There will be many financial advertisements in the market, and the financial contents of these financial advertisements are uneven. To some extent, excellent financial products basically do not need the promotion of financial advertisements, and only poor financial products need to advertise everywhere. It is precisely for this reason that I suggest that investors make their own choices when making investment decisions, and it is best not to blindly believe the so-called financial advertisements.
First, there will be many scams in financial advertisements.
Whether this financial advertisement is suitable for investors or not, there are many advertisements for financial products that are simply deceptive. For conventional wealth management products on the market, it is a good level to reach an annualized rate of 5%. But in these financial advertisements, we can see financial products with annualized rate as high as 30% or even more than 50%. This generous financial return is simply unrealistic, but some people still believe it.
Second, excellent wealth management products do not need advertising.

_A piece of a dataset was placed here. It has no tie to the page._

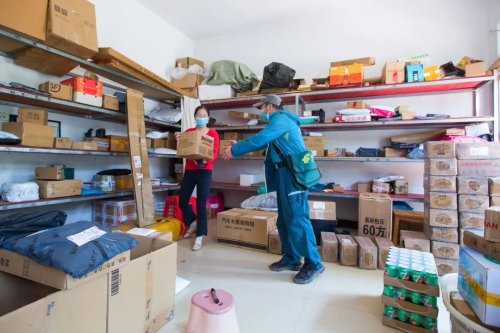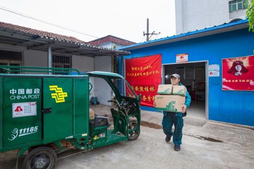 投遞完農(nóng)莊村民網(wǎng)購的包裹

I take the fund products that investors often choose as an example. We can see relevant advertisements on various fund software. For those old-fashioned fund products, old-fashioned excellent incentive products do not need to be promoted at all, and many senior investors will naturally choose these investment products. Everyone's investment circle will pass on excellent investment targets by word of mouth, and a product worthy of investors' trust does not need additional publicity.
Third, many financial advertisements only collect IQ tax.

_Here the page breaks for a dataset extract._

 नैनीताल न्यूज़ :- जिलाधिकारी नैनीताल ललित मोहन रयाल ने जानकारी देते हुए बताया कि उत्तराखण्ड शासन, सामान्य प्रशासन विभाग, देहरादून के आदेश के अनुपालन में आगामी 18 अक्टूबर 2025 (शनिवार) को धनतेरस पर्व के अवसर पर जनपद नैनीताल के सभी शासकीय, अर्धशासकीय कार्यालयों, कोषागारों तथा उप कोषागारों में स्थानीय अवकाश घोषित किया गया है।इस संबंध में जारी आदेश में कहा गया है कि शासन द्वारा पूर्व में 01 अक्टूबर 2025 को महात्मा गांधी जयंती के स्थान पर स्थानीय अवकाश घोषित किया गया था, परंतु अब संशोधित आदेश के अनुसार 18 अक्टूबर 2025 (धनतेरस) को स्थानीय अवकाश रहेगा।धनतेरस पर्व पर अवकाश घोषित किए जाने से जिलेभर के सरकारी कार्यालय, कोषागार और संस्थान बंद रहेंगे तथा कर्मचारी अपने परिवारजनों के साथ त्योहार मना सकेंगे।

Although this sentence is somewhat serious in nature, it reflects the real situation of many investors. Many people don't do basic financial research at all, or even don't know financial knowledge, so they expect to get rich overnight through investment. This idea is obviously unreasonable, and it will also lead these novice investors to be induced by bad financial advertisements. Compared with those unreliable financial advertisements, I personally suggest accepting investors to buy fixed-income financial products from banks. If you have the ability to invest independently, you can achieve a stable return on investment through more complex asset allocation.